I’m not so sure I could have stayed sane for long in a place where the
culture has teammates shielding “work” from one another using polarized privacy
screens. Where “ramping up” meant completing paperwork needed to obtain a
badge. Where obtaining a badge was considered a key accomplishment for the
week. Thank the Lord, in my second week of this, I received a call from S.
Groner, of S. Groner Associates, Inc. – that small company that seemed
different from all the rest.
While working for The Man, there was one piece of advice I had known all along, but nobody ever said it to me. Finally, on my last day ever to work a job that held no meaning, my manager heard my resignation and mumbled the advice: “Yeah, get out while you still can...” It was said more to himself than to me. A successful man by most accounts, his advice was confirming. But his timing was interesting; given it was the advice I didn’t need any more.

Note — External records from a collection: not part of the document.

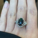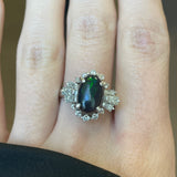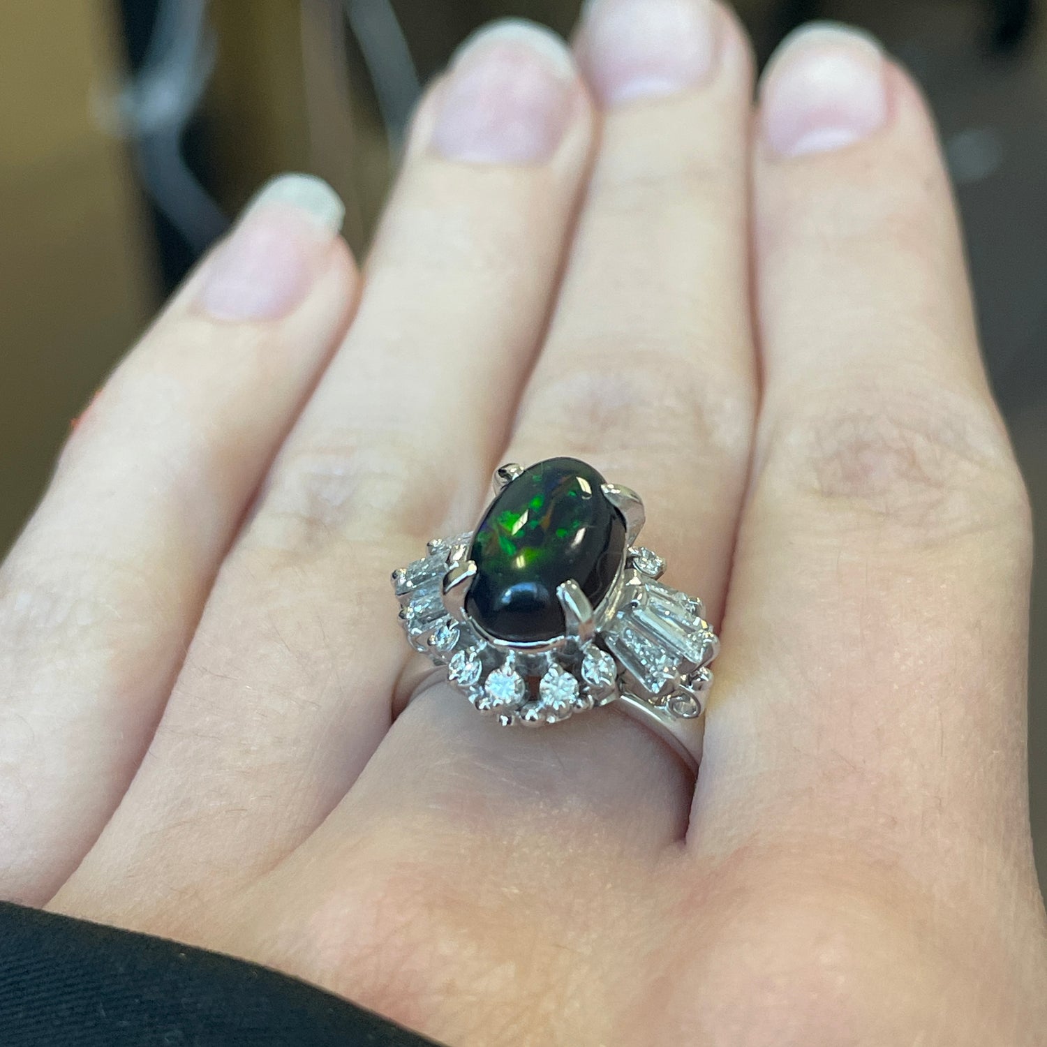 2.05 Ct Black Opal & 0.80 Ctw natural Diamond ring set in Platinum ring setting. This ring is a size 6 1/4 but can be resized if needed, just drop us a note at checkout for a quote!
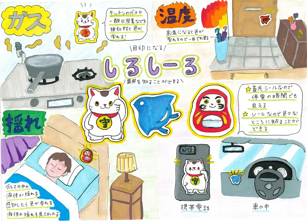 手軽に誰でも防災ができるアイテムを考えました。シールにすることで安価で持ち運びやすく設置する場所にも困らないところがポイントです。目で見て知ることができるでので耳が不自由な人もそうでない人も異常を一目でわかります。ガス漏れなどは目に見えないので特にあったら良いなと思い考えました。見た目を和風の縁起のいいモチーフにしてお守りの意味も込めました。 |
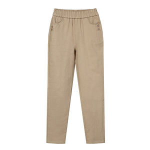 全棉纯棉工装裤女春秋季宽松大码中年休闲裤高腰外穿直筒九分裤子
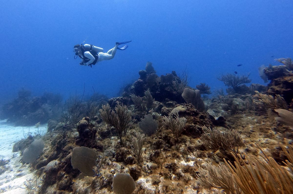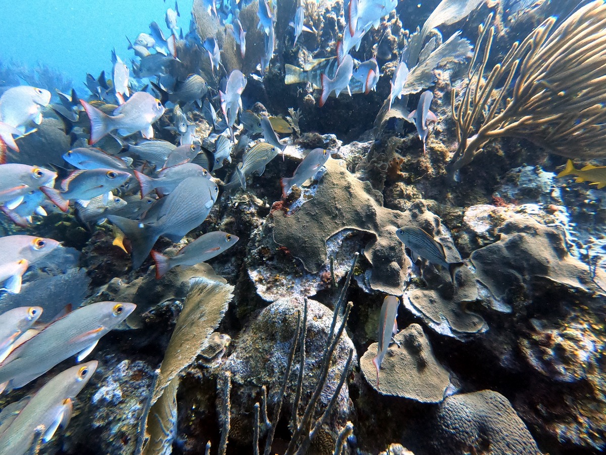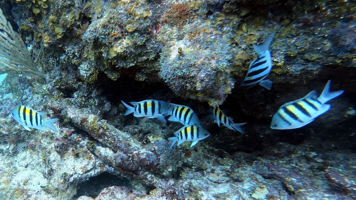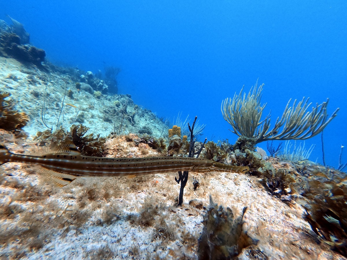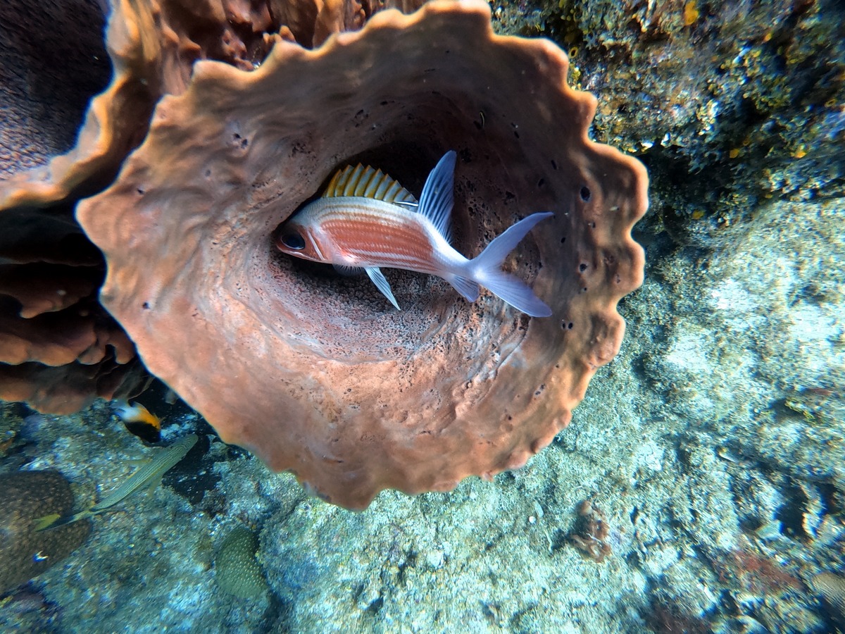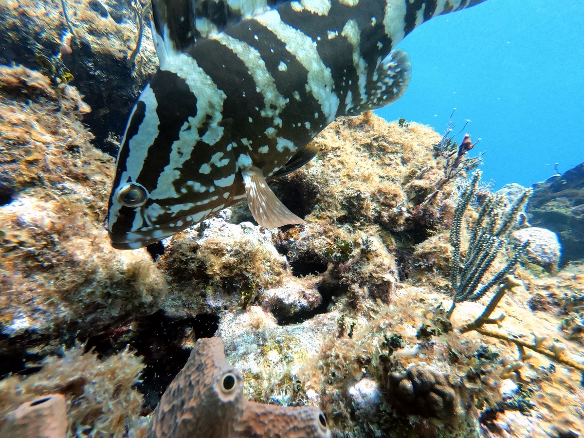 Underwater, the mixture of reef and sand yielded different aquatic life, from tube worms to conch.
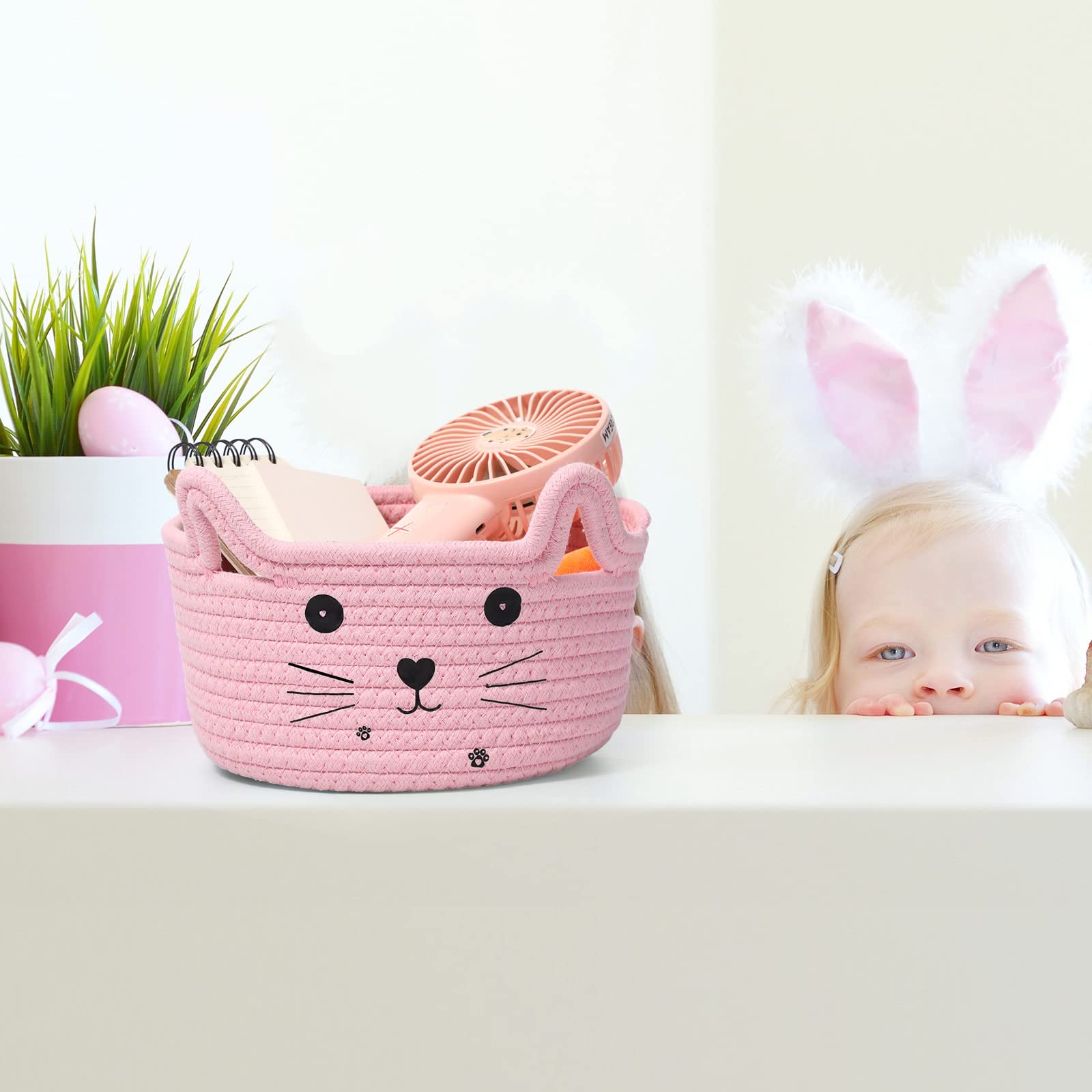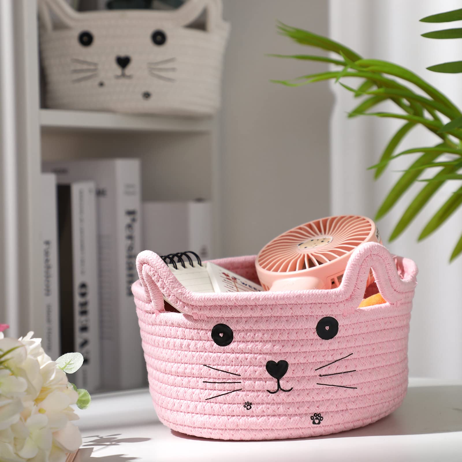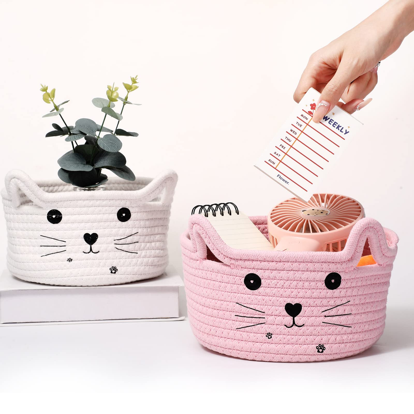 Widely Applied: the small woven basket with cute designs can be applied in your home bedrooms, restaurants, kitchens, living room, playroom, office, etc., and it can store cosmetics, stationery, dried flower decorations, snacks, cats or dog toys
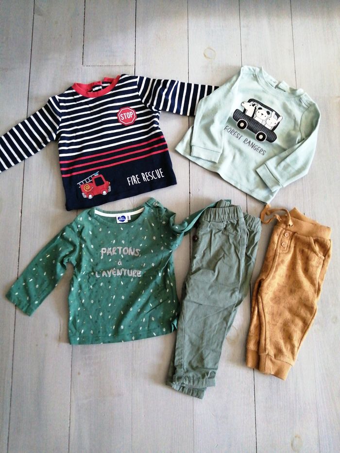 2 pantalons et 3 t shirts manches longues Pas de tâches
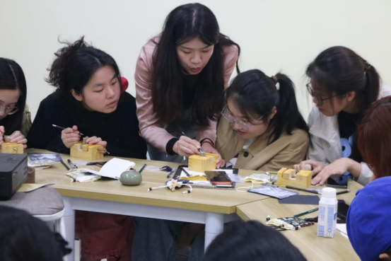 李老师拿出印石、印泥、刻刀等篆刻材料和工具,给同学们详细讲解如何分辨印石的大致品种以及如何正确使用刻刀等篆刻工具。李老师在讲解完篆刻的基本知识后,同学在指导下现场体验篆刻,从设计勾勒出印稿到持刻刀治印再到修饰调整印章最后进行钤印、刻边款及拓边款的详细过程。同学们依次进行篆刻的印稿设计、操刀治印等环节。
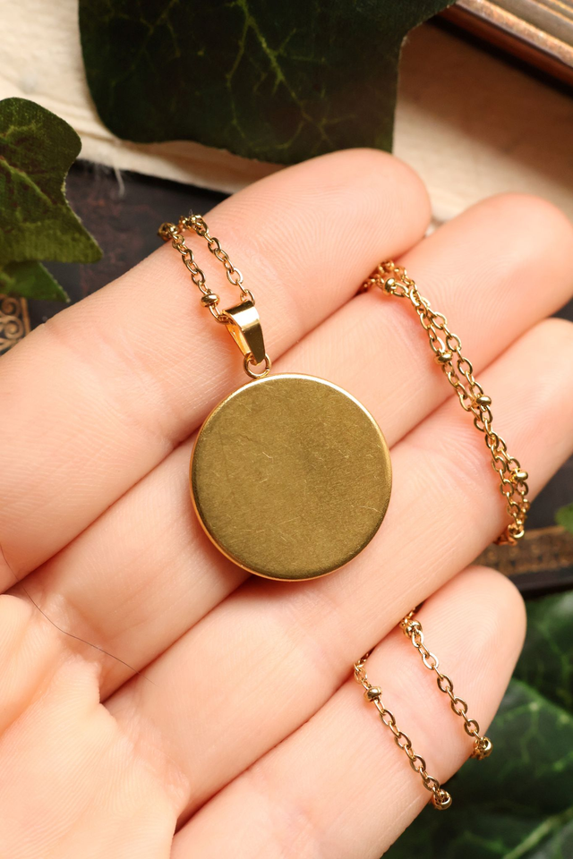 Le médaillon est monté sur un support en acier inoxydable doré, résistant à la corrosion et agréable à porter au quotidien.
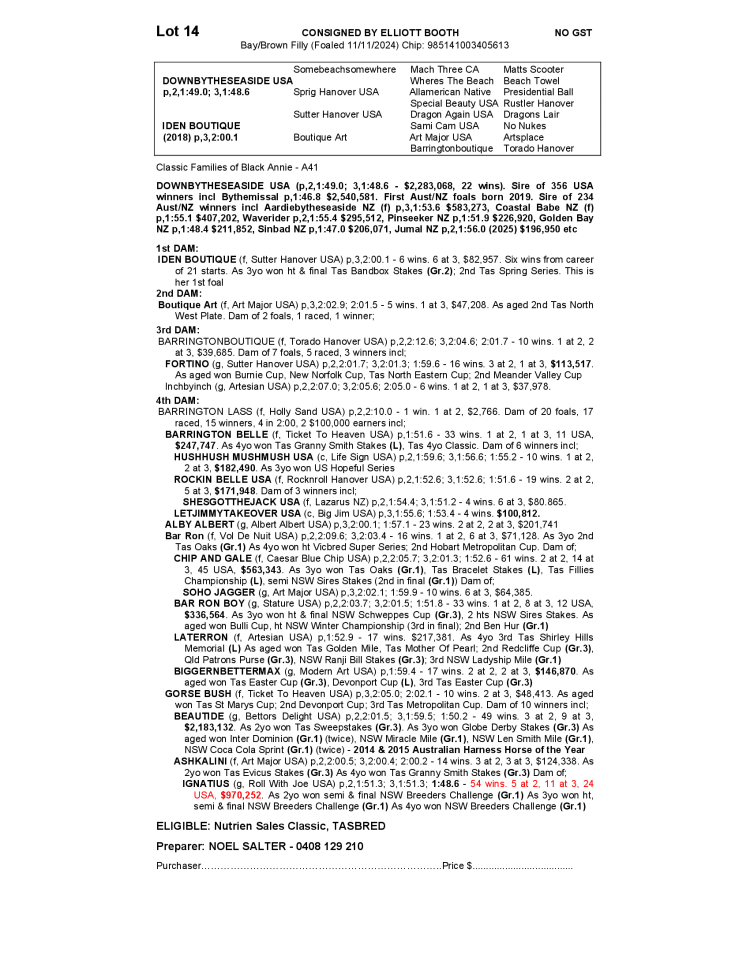 NUTRIEN EQUINE TASMANIAN STANDARDBRED YEARLING SALE
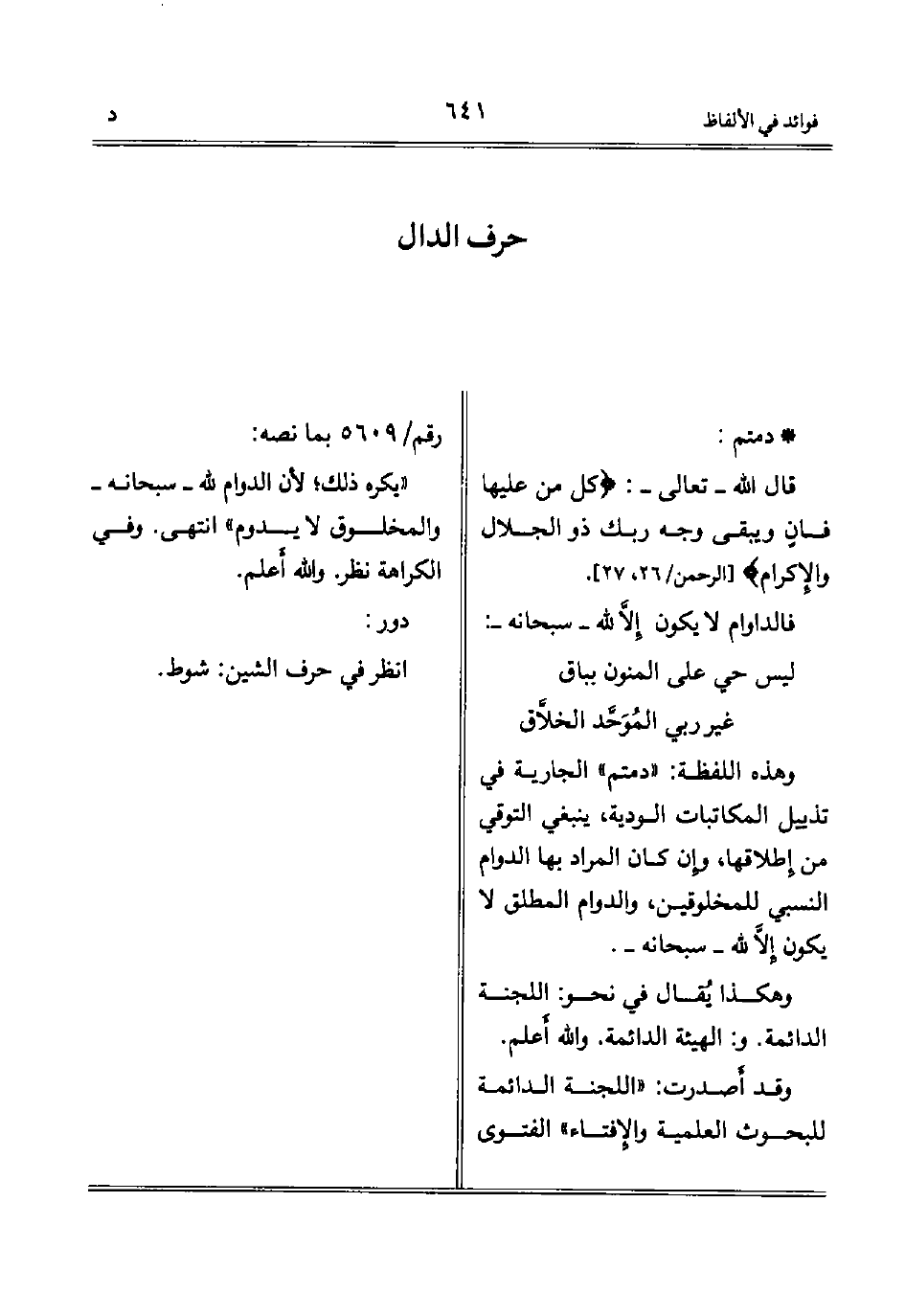 ((أما قوله: جرت عادة الله تعالى. فما زال هذا الرجل ونظراؤه من أصحابه يطلقون العادة على ما لا يدعهم الإسلام أن يجروا على الله خلافه من فعل وترك، فيقولون: جرت عادته أنه لا يأمر بالفحشاء، ولا يصدق الكاذب، ونحو ذلك. فيُقال لهم: العادة مأخوذة من العود، فأول جزئي من هذه العادة هل نظر فيه إلى ذلك الفعل ورجحانه قبل جري العادة أم لم ينظر؟ إن لم ينظر فهو اتفاقي، وإن نظر فذلك الوجه مستقل بالبعث على الفعل بدون جري عادة وهو ما أردنا بالحسن والقبح في الفعل والترك مثلاً، وكذلك كل جزئي منه أو من غيره فالإحالة على العادة مجرد غي وتلبيس، وهلا جرى على عادات العرب التي رأوها مكارم أخلاق بتزيين الشيطان وغروره، مثل الطواف مكشوفي العورات، ووأد البنات، وسائر ما تعوده أصناف بني آدم من القبائح التي رأوها كذلك إلْفاً منهم واستحلاء وكبراً وعصبية كالغارات وغير ذلك، بل رد ذلك عليهم وغيرهم، فلو كان الاعتبار بالإلف والعادة لكان آكد الشرائع ما تطابقت آراء الأولين والآخرين عليه ولم يخلص عنه غير المخلصين من اتباع الآباء في أديانهم وعوائدهم. إنْ عامة. وإنْ خاصة. ثم نقول لهم: هل حصول العادة أثر في تحصيل وصف يسند إليه المدح والذم؟ فهو قولنا ولا يضرنا المنازعة في علة ذلك الوصف بعد الاتفاق على المعلول، أم لم يؤثر؟ فقد استوى وجودها وعدمها، فلا معنى لذكرها وملاحظتها)) .
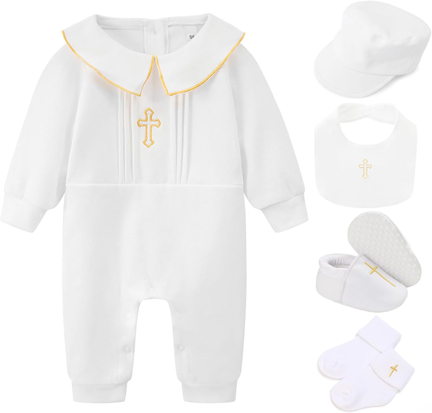Baby Boy Girl Baptism Outfit Infant Christening Outfit with Shoes & Socks 5Pcs
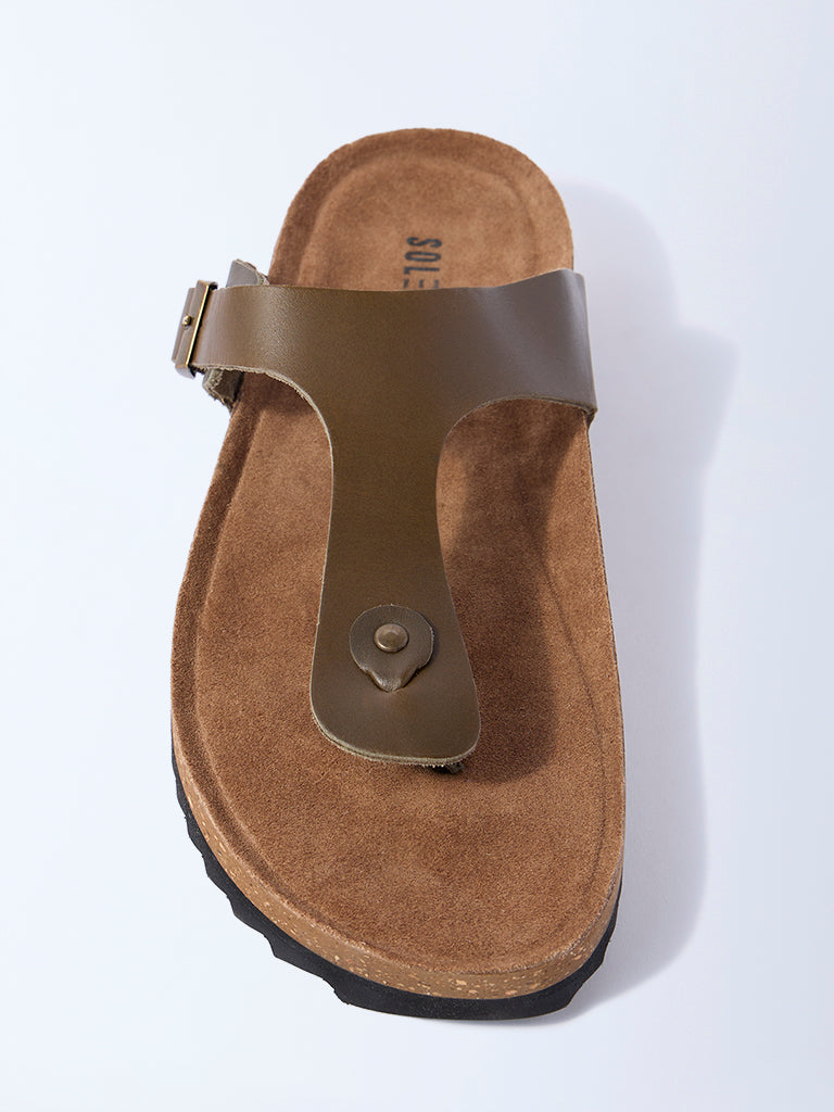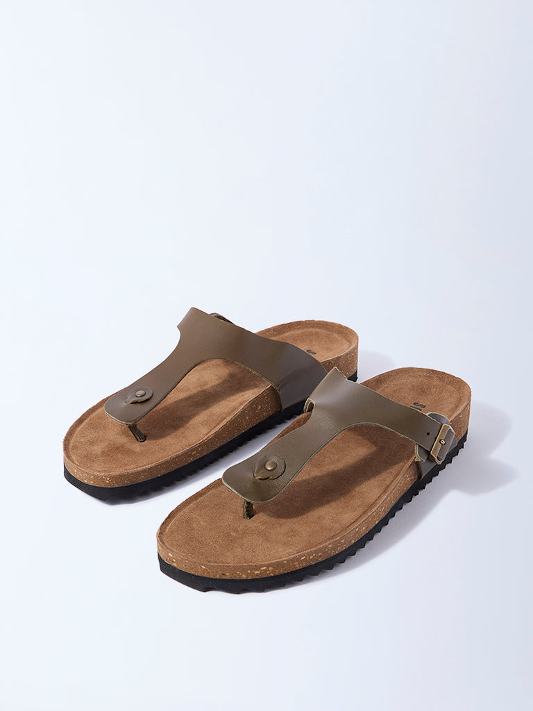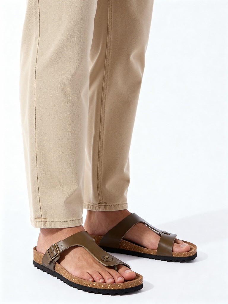 Bring a rugged edge to warm-weather dressing with these olive sandals from Soleplay. Designed in a thong-strap silhouette with a side buckle closure. they balance laid-back ease with everyday function. A contoured footbed and padded insole keep comfort at the forefront. while the cork-inspired midsole and ridged outsole deliver stability and style in equal measure.

Originally, I told myself: “Write! After finding a home...” But that took a long time so I ask your forgiveness, and I humbly ask that you read again. I’ll have you know, beginning to write again was extremely painful (see line 1). But the blockage has been removed because now and forever I am home. By that I mean I am with my Ruth. Right now, home happens to be in Orange, California, but we are blessed to have many homes in places like Dallas, Phoenix, UCLA, Taiwan’s East Coast, and Ecuador’s West Coast. In April I plan on taking her to my one home she doesn’t know yet, in Yunnan Province of China.
Also,
I’ve finally found work I truly feel at home doing, in a workplace I happily
call my second home. It’s been three incredible months, and I can’t wait to
tell you all about it. But only if you’ll hear of the end to my hydrophilic
mission, which I now can finally write.
*The sheer number of belongings required for life in this fair country continues to astound me. Until only recently, I stayed in bare rooms where all things to my name could lie in plain sight. I lost not one item, since having little means tracking little. But ever since going from a backpack full of stuff to a house + car + yard full of stuff, I cannot begin to count the items I have misplaced or lost. Now, my things hide amongst my other things, and it is truly horrifying.